Leonard A, Paton AW, El-Quadi M, Paton JC, Fazal F - PLoS ONE (2014)

Bottom Line: We found that preconditioning human pulmonary artery endothelial cells (HPAEC) to ER stress either by depleting ER chaperone and signaling regulator BiP using siRNA, or specifically cleaving (inactivating) BiP using subtilase cytotoxin (SubAB), alleviates EC inflammation.Mechanistic analysis revealed that pretreatment of EC with SubAB interfered with the binding of the liberated NF-κB to the DNA, thereby resulting in reduced expression of adhesion molecules, cytokines and chemokines.In addition, both knockdown and inactivation of BiP stimulated actin cytoskeletal reorganization resulting in restoration of endothelial permeability.

View Article: PubMed Central - PubMed

Affiliation: Department of Pediatrics, Lung Biology and Disease Program, University of Rochester School of Medicine and Dentistry, Rochester, New York, United States of America.

ABSTRACT
Endoplasmic Reticulum (ER) stress, caused by disturbance in ER homeostasis, has been implicated in several pathological conditions such as ischemic injury, neurodegenerative disorders, metabolic diseases and more recently in inflammatory conditions. Our present study aims at understanding the role of ER stress in endothelial cell (EC) inflammation, a critical event in the pathogenesis of acute lung injury (ALI). We found that preconditioning human pulmonary artery endothelial cells (HPAEC) to ER stress either by depleting ER chaperone and signaling regulator BiP using siRNA, or specifically cleaving (inactivating) BiP using subtilase cytotoxin (SubAB), alleviates EC inflammation. The two approaches adopted to abrogate BiP function induced ATF4 protein expression and the phosphorylation of eIF2α, both markers of ER stress, which in turn resulted in blunting the activation of NF-κB, and restoring endothelial barrier integrity.
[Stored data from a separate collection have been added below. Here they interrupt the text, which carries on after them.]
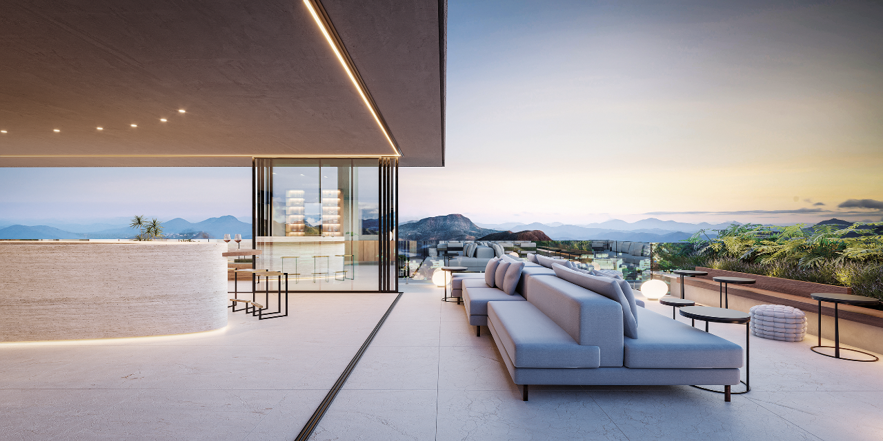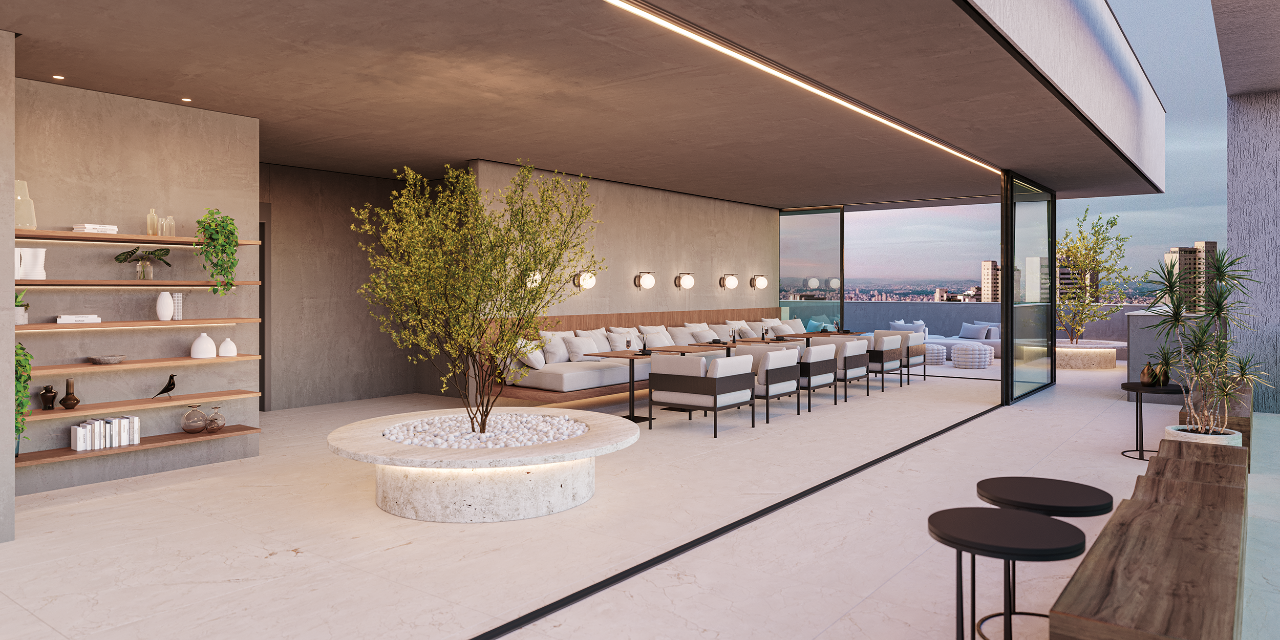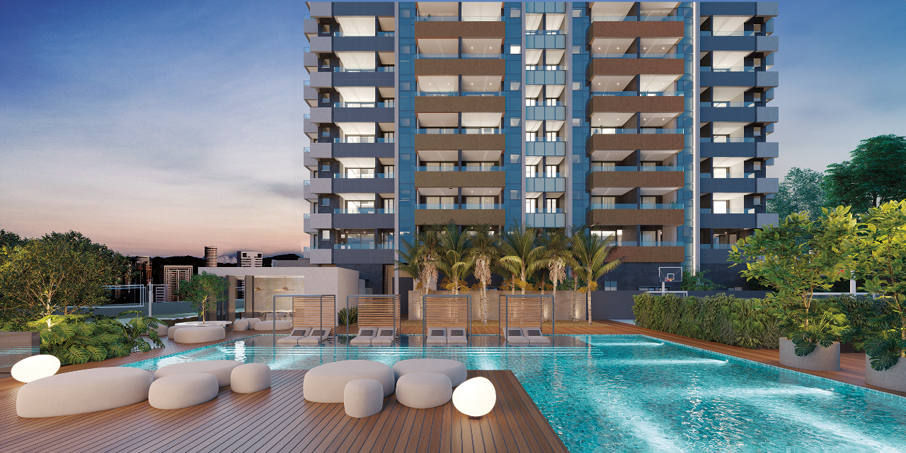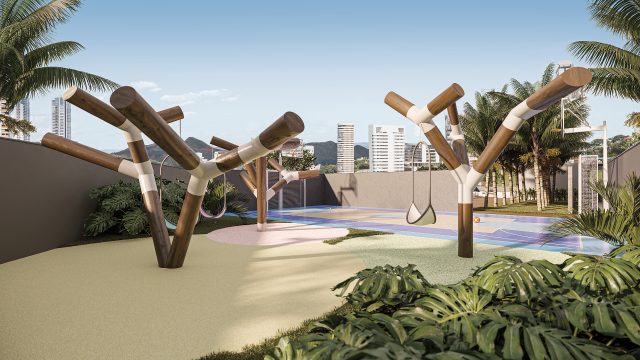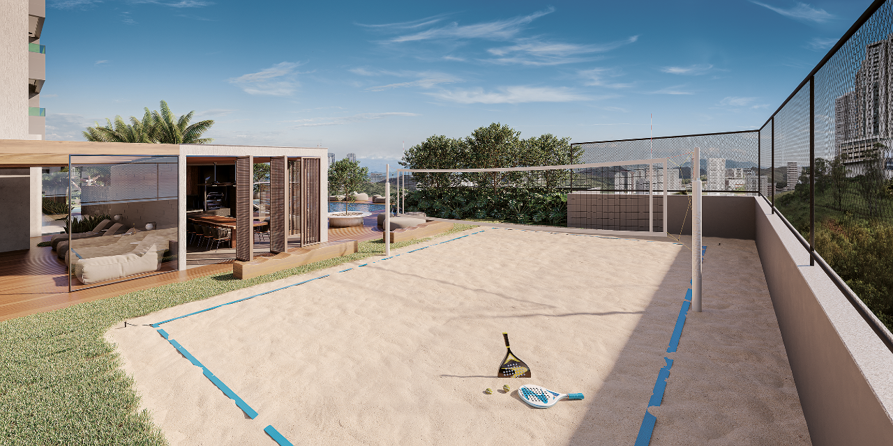 O prédio conta  com: Salão de festas, confraria gourmet, living gourmet, lounge com lareira e bar com fireplace no rooftop com vista panorâmica a aproximadamente 83?m de altura, Pilotis com coworking, sala de reunião, espaço gourmet, sauna, descanso, academia coberta, Piscina adulto e infantil com deck molhado, playground, quadra poliesportiva, duas quadras de beach tennis.
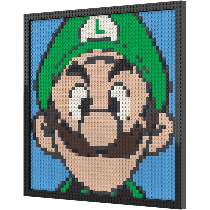 Bring Nintendo nostalgia to life with this Luigi Mosaic Wall Art. Crafted from 2304 premium-quality building bricks, this 39x39 cm framed mosaic captures Luigi’s cheerful expression and iconic green cap in bold pixel-style detail.
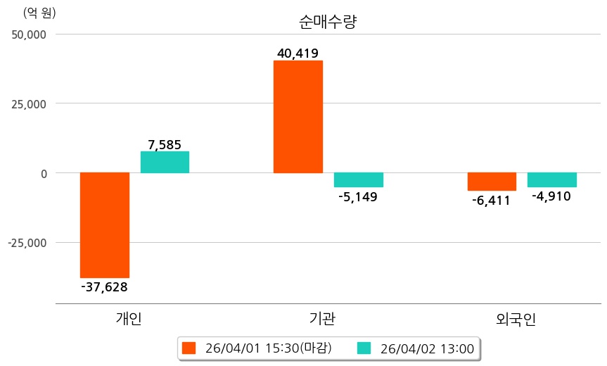 투자자별 동향을 살펴보면 기관은 5,149억 원 순매도했으며, 외국인은 4,910억 원 순매도했다. 개인은 7,585억 원 순매수했다.

Pretreatment of HPAEC with BiP siRNA inhibited thrombin-induced IκBα degradation and its resulting downstream signaling pathway involving NF-κB nuclear translocation, DNA binding, phosphorylation at serine536, transcriptional activation and subsequent expression of adhesion molecules. However, TNFα-mediated NF-κB signaling was unaffected upon BiP knockdown. In an alternative approach, SubAB-mediated inactivation of NF-κB was independent of IκBα degradation. Mechanistic analysis revealed that pretreatment of EC with SubAB interfered with the binding of the liberated NF-κB to the DNA, thereby resulting in reduced expression of adhesion molecules, cytokines and chemokines. In addition, both knockdown and inactivation of BiP stimulated actin cytoskeletal reorganization resulting in restoration of endothelial permeability. Together our studies indicate that BiP plays a central role in EC inflammation and injury via its action on NF-κB activation and regulation of vascular permeability.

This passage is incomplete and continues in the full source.